Ни разу не видел его (а сколько раз я видел его в "Гамлете"), чтобы в этом месте весь зал не разражался треском: это был архангел, низвергавший змия. И после этого, перед волнением растроганной (как ему показалось) матери, какое перерождение в ребенка, нежного, умоляющего, почти плачущего. Как он льнет к ней, лицом вдоль всего ее платья никнет, опускается, бессильно вянет и, уже у ног ее, во прахе молит отбросить запятнанную часть своей души и продолжать жить с другой... И над этим вдруг -- растерянный вопрос матери, одной из тех, кому имя -- ничтожество: "Что же мне делать?" Как описать то молчание, которое за этим вопросом, и что с ним во время этого молчания происходит. Перед ним раскрывается зияющая пропасть бесполезности всего, что он сказал, это провал целого мира. И над этой пустотой падает едва слышное: "Nulla". С какой-то нарядностью, почти с извинением, как человек, нечаянно вошедший в уборную дамы, когда она раздета, так вставал он с колен. И когда ясно определялась в голове его оценка матери, тогда начиналось нечто ужасное по ядовитости. "Возвращайтесь в постель вашего мужа"; и все до конца шло на каком-то смешке, точно он поддразнивал, подталкивал словами, а сам все уходил и, наконец, уже совсем на пороге: "Buona notte, madre!" Эти последние слова в его устах значили: "Вы мне не мать". На этом он уходил; он урезывал дальнейший разговор о том, что уезжает в Англию, и гнусную сцену с трупом Полония...
Еще одно сравнение проведу. Ответ Полонию на вопрос о том, что он читает, вышел очень хорош у Бассерма-на. "Worte, Worte, Worte!" Много раздражения в первом слове, и в каждом последующем все больше. Но что это раздражение, личное, связанное с данной минутой, в сравнении с безличной философией россиевского "Parole... Parole... Parole..." Это говорилось не для Полония; только круглый, блуждающий взор под беспорядочными прядями волос один раз останавливался на назойливом старике, будто говорил: "А, это ты.
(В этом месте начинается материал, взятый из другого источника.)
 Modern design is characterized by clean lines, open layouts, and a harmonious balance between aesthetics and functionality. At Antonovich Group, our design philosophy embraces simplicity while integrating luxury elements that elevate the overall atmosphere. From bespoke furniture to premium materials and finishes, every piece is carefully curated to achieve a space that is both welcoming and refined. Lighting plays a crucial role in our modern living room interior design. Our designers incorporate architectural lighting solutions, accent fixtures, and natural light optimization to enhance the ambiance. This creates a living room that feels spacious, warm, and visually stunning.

Чего тебе?" -- и затем падали эти три слова, и падали уже не для Полония; они падали для нас, для всех, для мира, для вселенной: не в этой книжке, которую он держит в руке, "слова, слова, слова", а везде "слова", все на свете "слова". В этих трех "словах" то же, что в еврипидовском хоре:
Все на земле так ничтожно,
Все так случайно --
В жизни людской.
И невыразимо то замирание, с которым ожидалось второе "parole" после первого и после второго -- третье; и несравнимо, ни с чем не сравнимо движение руки, которая, ладонью кверху, как смахивают соринку, смахивала со страницы книжки эти "слова"...
Скажу теперь о Бассермане -- Отелло. У него есть легкий акцент, не знаю какой, но в этой роли он его немножко преувеличивает, он даже внес в свою речь некоторую медлительность, как человек, который говорит не на том языке, на котором думает. Образовался как бы промежуток между мыслью и словом, и получилось нечто поразительное по наивности, по детскости. При этом некрасивое, но доброе черное лицо, смеющиеся глаза, белые, чисто негрские зубы -- прелести этой речи, очарованию этой непринужденности невозможно было противостоять. Я думаю, немцы испытали тут нечто не только для немецкого зрителя новое, но новое для немецкой расы; на такой экзотизм я не считал немца способным. Это было перевоплощение не только в роль -- перевоплощение в расу. И заразительная прелесть этого смеха! Это было смеющееся, само себя не могущее понять счастье; на обвинение старика Брабанцио, что он приворожил его дочь, он отвечал таким добрым смехом перед невероятностью такого предположения, что его самозащита становится ненужной. "За все мои пережитые опасности она меня полюбила, я полюбил ее за сострадание, которое она выказала ко мне". Знаменитые заключительные слова его рассказа перед Сенатом. Какое разнообразие толкований! У Сальвини -- "Per tutti i miei scorsi perigli ella m'amo. Io l'amai per la compassione che ebbe di me". Он обнажал тайники своей души в этих словах; это было сложно, глубоко. У Бассермана это было просто, на виду, человек показывает лист бумаги, на котором ничего не начертано. Ничто во всей роли не удалось ему, как эта сцена перед Сенатом. В последующем ходе пьесы -- вы думаете, скажу о Бассермане? -- нет, дайте вспомнить еще раз Сальвини.